GenomicInterval is parameterized on metadata type, which lets it efficiently and precisely be specialized to represent intervals from a variety of formats.

The default strand and metadata value are STRAND_BOTH and nothing:

julia> GenomicInterval("chr1", 10000, 20000)
GenomicInterval{Nothing}:
  group name: chr1
  leftmost position: 10000
  rightmost position: 20000
  strand: .
  metadata: nothing

julia> GenomicInterval("chr1", 10000, 20000, '+')
GenomicInterval{Nothing}:
  group name: chr1
  leftmost position: 10000
  rightmost position: 20000
  strand: +
  metadata: nothing

The following example shows all accessor functions for the five fields:

julia> i = GenomicInterval("chr1", 10000, 20000, '+', "some annotation")
GenomicInterval{String}:
  group name: chr1
  leftmost position: 10000
  rightmost position: 20000
  strand: +
  metadata: some annotation

julia> groupname(i)
"chr1"

julia> leftposition(i)
10000

julia> rightposition(i)
20000

julia> strand(i)
STRAND_POS

julia> metadata(i)
"some annotation"

Collections of GenomicIntervals

Collections of intervals are represented using the GenomicIntervalCollection type, which is a general purpose indexed container for intervals. It supports fast intersection operations as well as insertion, deletion, and sorted iteration.

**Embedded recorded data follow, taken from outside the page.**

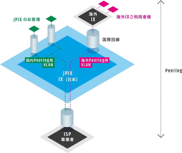 国内でIXポートサービスをご利用しているISP事業者が海外IXの利用者と Peering することが可能となるサービスです。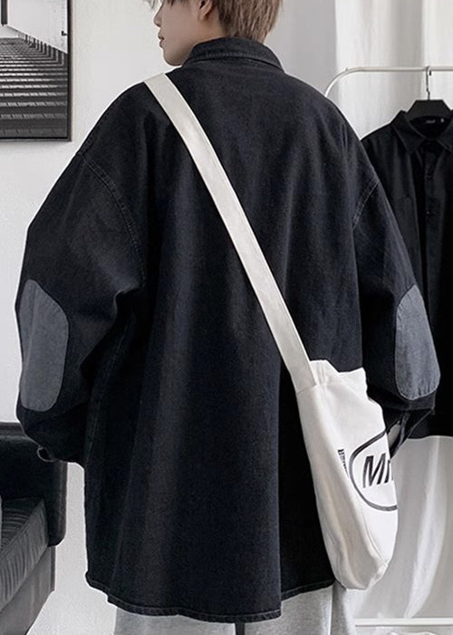 Button Pan Spring Shirts Collar Loose Men Denim Peter Black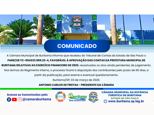 Pauta de Matérias da Sessão Ordinária da Câmara Municipal de Buritama, a ser realizada na segunda-feira, dia 02 de março de 2026, às 19h00.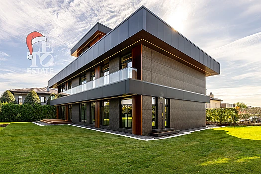 В доме 10 спален с ванными комнатами, гостиная, зал приемов, бассейн, гараж на 2 м/м с помещением для персонала на втором этаже (3 спальни). К дому примыкает дом охраны (2 спальни).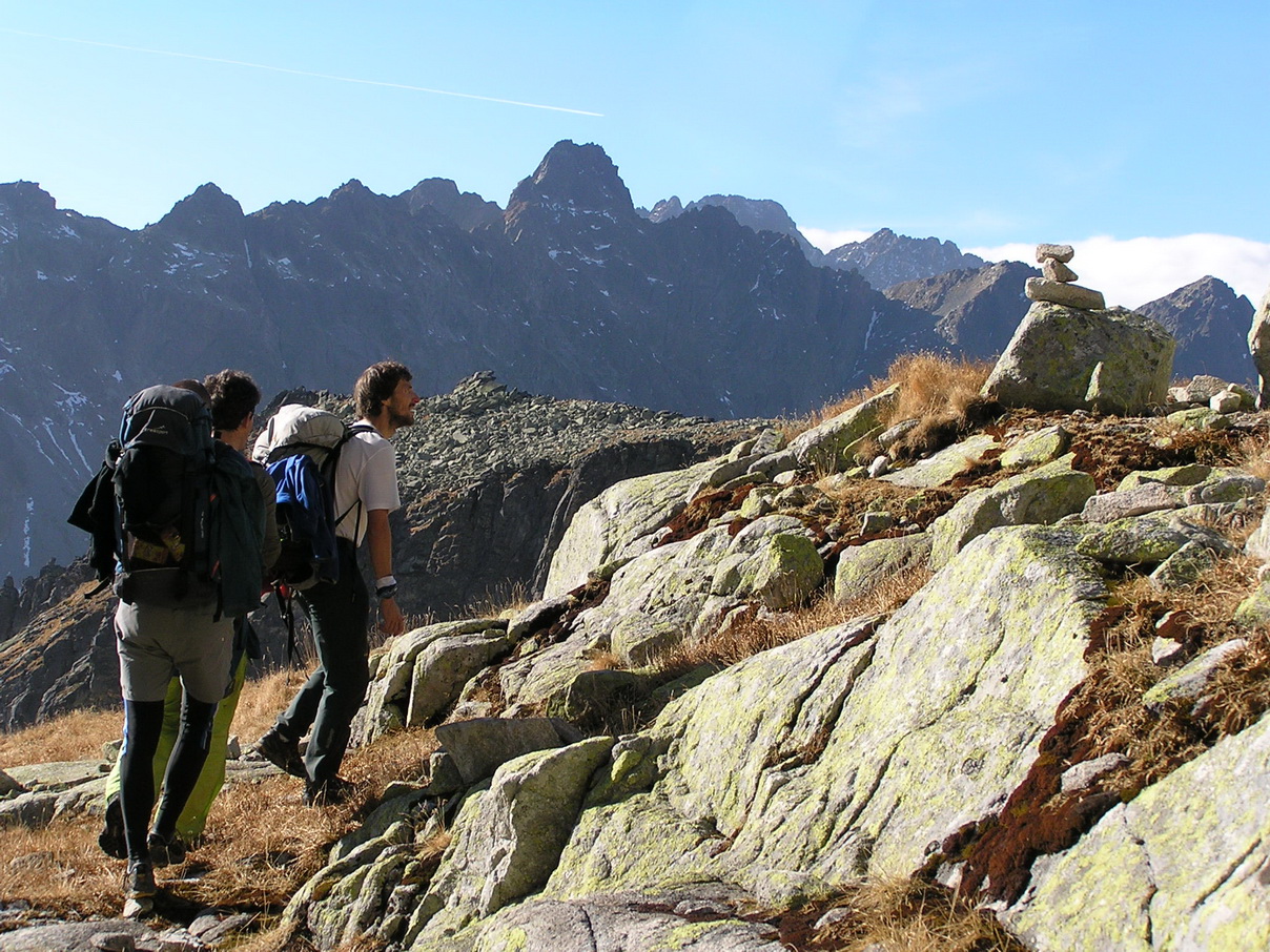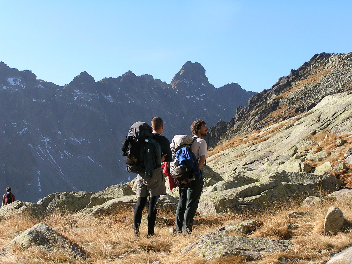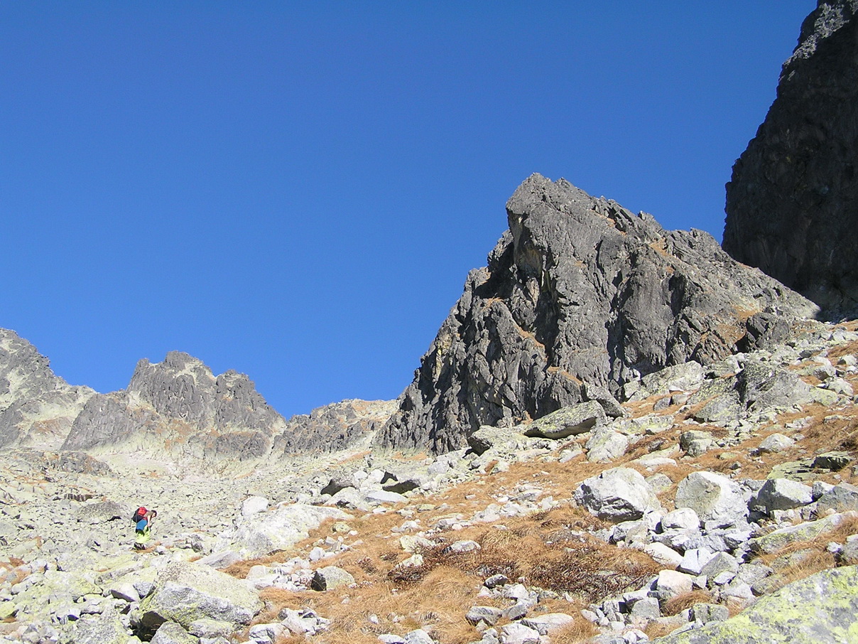 Babie leto v Tatrách. Hore je teplejšie ako dole. Vo Veľkej Studenej je ráno tieň a chlad. Pri kráčaní do kopca s batohom plným lezeckého výstroja to nevadí.

Empty interval collections can be initialized, and intervals elements can be added to the collection one-by-one using push!.

# The type parameter (Nothing here) indicates the interval metadata type.
col = GenomicIntervalCollection{GenomicInterval{Nothing}}()

for i in 1:100:10000
    push!(col, GenomicInterval("chr1", i, i + 99))
end

Incrementally building an interval collection like this works, but GenomicIntervalCollection also has a bulk insertion constructor that is able to build the indexed data structure extremely efficiently from a sorted vector of intervals.

col = GenomicIntervalCollection([GenomicInterval("chr1", i, i + 99) for i in 1:100:10000])

Building GenomicIntervalCollections in one shot like this should be preferred when it's convenient or speed is an issue.

Filtering

Below are some examples of filtering intervals. The examples take advantage of bulk insertion.

intervals = [
  GenomicInterval("chr1", 1, 8),
  GenomicInterval("chr1", 4, 20),
  GenomicInterval("chr1", 14, 27)]

col = GenomicIntervalCollection(intervals)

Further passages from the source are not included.